##### Records for processing #####

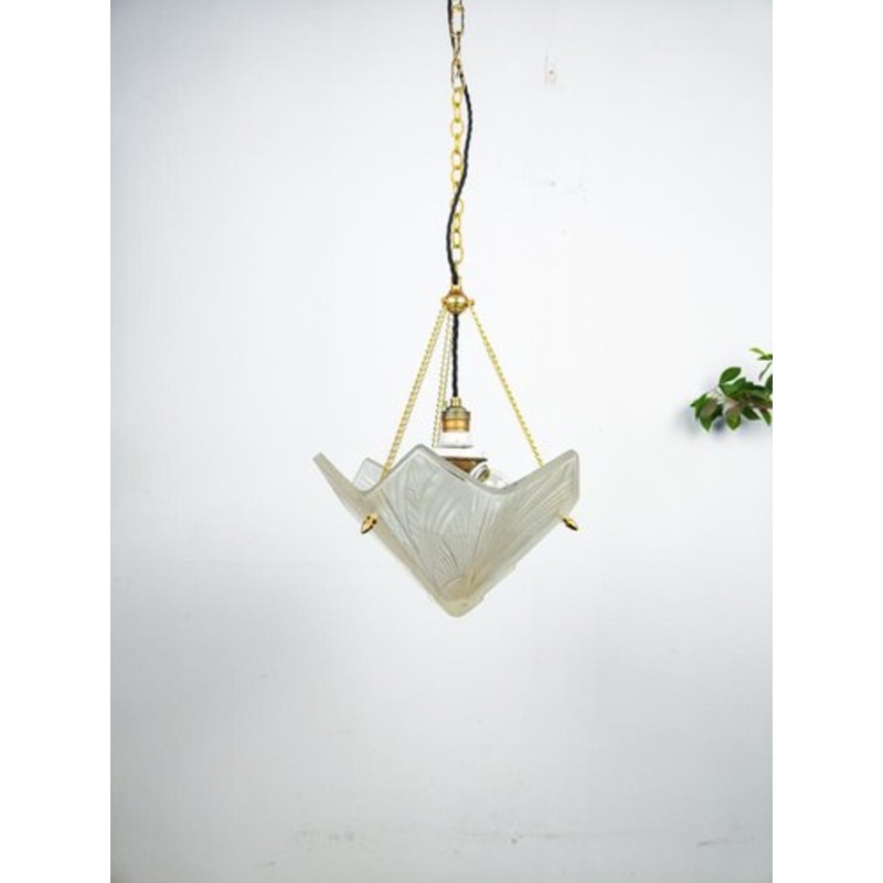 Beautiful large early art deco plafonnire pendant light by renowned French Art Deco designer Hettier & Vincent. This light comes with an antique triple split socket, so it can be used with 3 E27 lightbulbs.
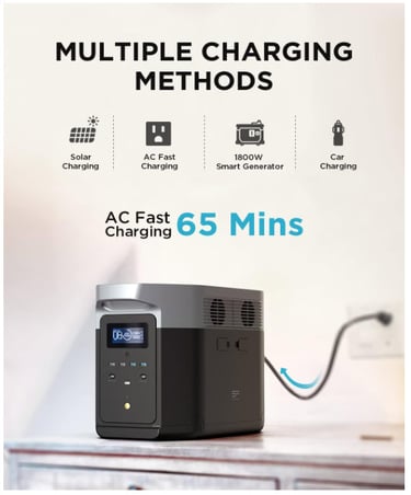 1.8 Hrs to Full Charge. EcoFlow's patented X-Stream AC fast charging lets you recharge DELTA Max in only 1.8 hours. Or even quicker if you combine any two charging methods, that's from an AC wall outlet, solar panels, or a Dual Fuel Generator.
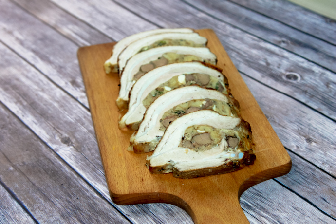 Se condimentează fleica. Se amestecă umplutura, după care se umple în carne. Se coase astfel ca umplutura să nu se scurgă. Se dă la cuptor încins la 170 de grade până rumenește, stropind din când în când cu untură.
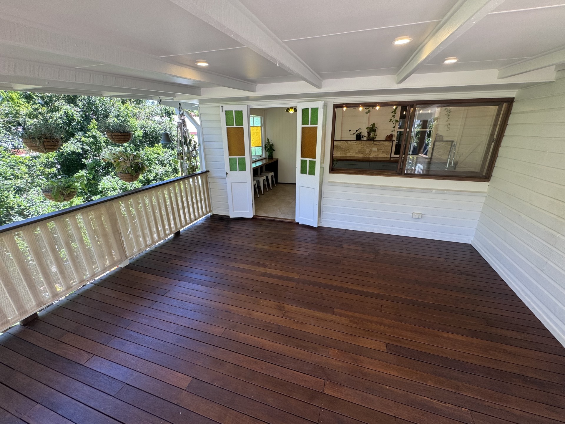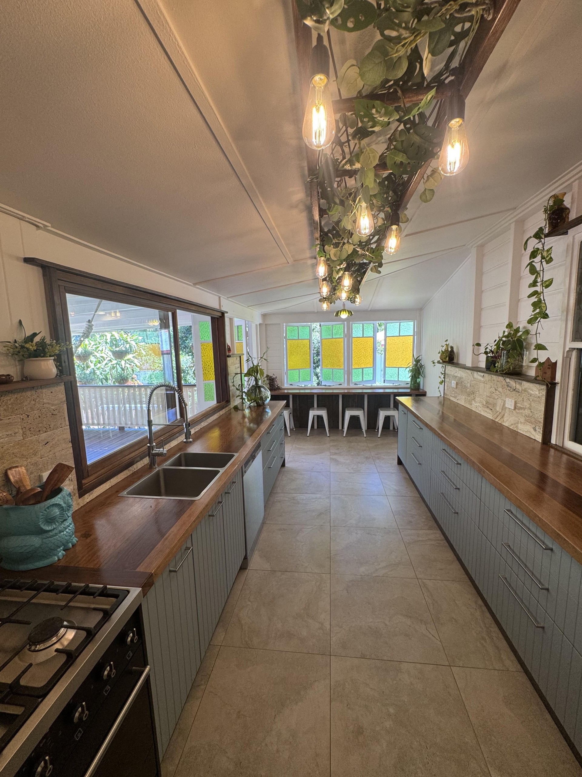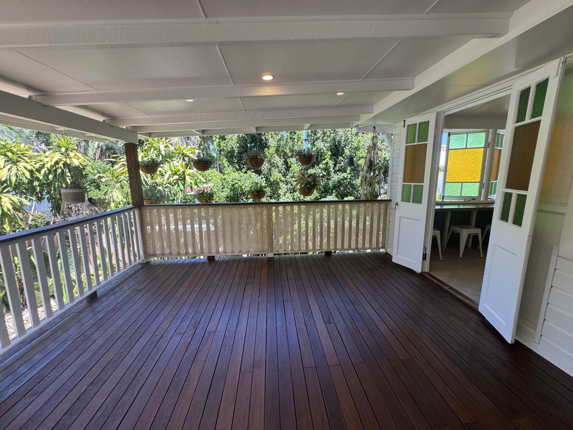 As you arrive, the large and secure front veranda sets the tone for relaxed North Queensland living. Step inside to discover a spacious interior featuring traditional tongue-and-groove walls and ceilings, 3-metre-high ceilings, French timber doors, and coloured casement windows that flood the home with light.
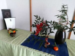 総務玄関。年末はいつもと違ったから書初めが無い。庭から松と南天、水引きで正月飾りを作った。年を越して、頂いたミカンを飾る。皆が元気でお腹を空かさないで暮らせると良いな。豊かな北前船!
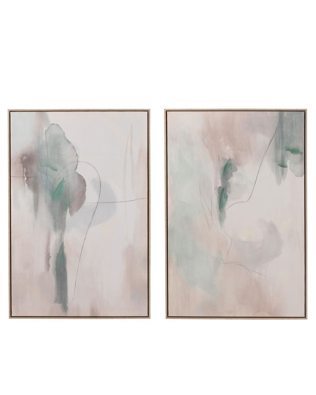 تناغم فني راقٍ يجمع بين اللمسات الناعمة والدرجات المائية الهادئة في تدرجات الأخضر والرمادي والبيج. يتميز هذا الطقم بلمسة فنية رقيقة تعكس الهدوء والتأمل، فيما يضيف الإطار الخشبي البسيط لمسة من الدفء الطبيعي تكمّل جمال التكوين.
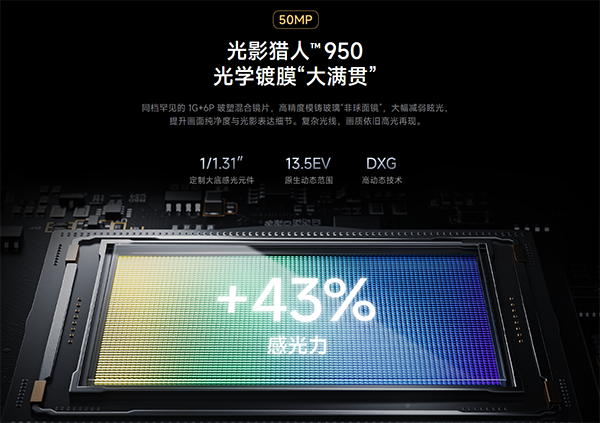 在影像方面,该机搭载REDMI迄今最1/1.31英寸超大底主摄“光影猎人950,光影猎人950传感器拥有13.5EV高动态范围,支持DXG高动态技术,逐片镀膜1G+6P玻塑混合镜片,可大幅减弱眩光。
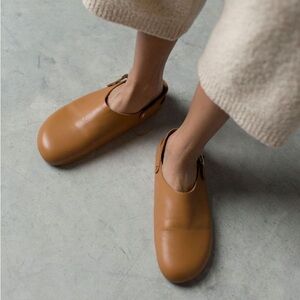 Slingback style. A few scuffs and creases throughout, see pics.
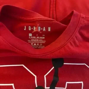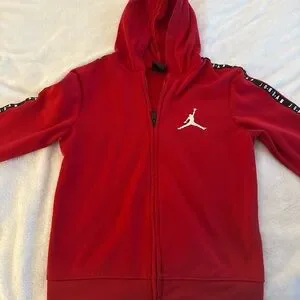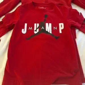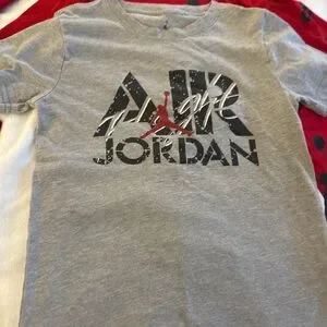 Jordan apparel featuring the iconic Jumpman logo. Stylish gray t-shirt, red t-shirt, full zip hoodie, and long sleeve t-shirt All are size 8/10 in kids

#####

Your output should be only the lines from the line with "As you arrive, the" through the end of the data, exactly as they stand, and no pictures.

Answer to this problem
 As you arrive, the large and secure front veranda sets the tone for relaxed North Queensland living. Step inside to discover a spacious interior featuring traditional tongue-and-groove walls and ceilings, 3-metre-high ceilings, French timber doors, and coloured casement windows that flood the home with light.
 総務玄関。年末はいつもと違ったから書初めが無い。庭から松と南天、水引きで正月飾りを作った。年を越して、頂いたミカンを飾る。皆が元気でお腹を空かさないで暮らせると良いな。豊かな北前船!
 تناغم فني راقٍ يجمع بين اللمسات الناعمة والدرجات المائية الهادئة في تدرجات الأخضر والرمادي والبيج. يتميز هذا الطقم بلمسة فنية رقيقة تعكس الهدوء والتأمل، فيما يضيف الإطار الخشبي البسيط لمسة من الدفء الطبيعي تكمّل جمال التكوين.
 在影像方面,该机搭载REDMI迄今最1/1.31英寸超大底主摄“光影猎人950,光影猎人950传感器拥有13.5EV高动态范围,支持DXG高动态技术,逐片镀膜1G+6P玻塑混合镜片,可大幅减弱眩光。
 Slingback style. A few scuffs and creases throughout, see pics.
 Jordan apparel featuring the iconic Jumpman logo. Stylish gray t-shirt, red t-shirt, full zip hoodie, and long sleeve t-shirt All are size 8/10 in kids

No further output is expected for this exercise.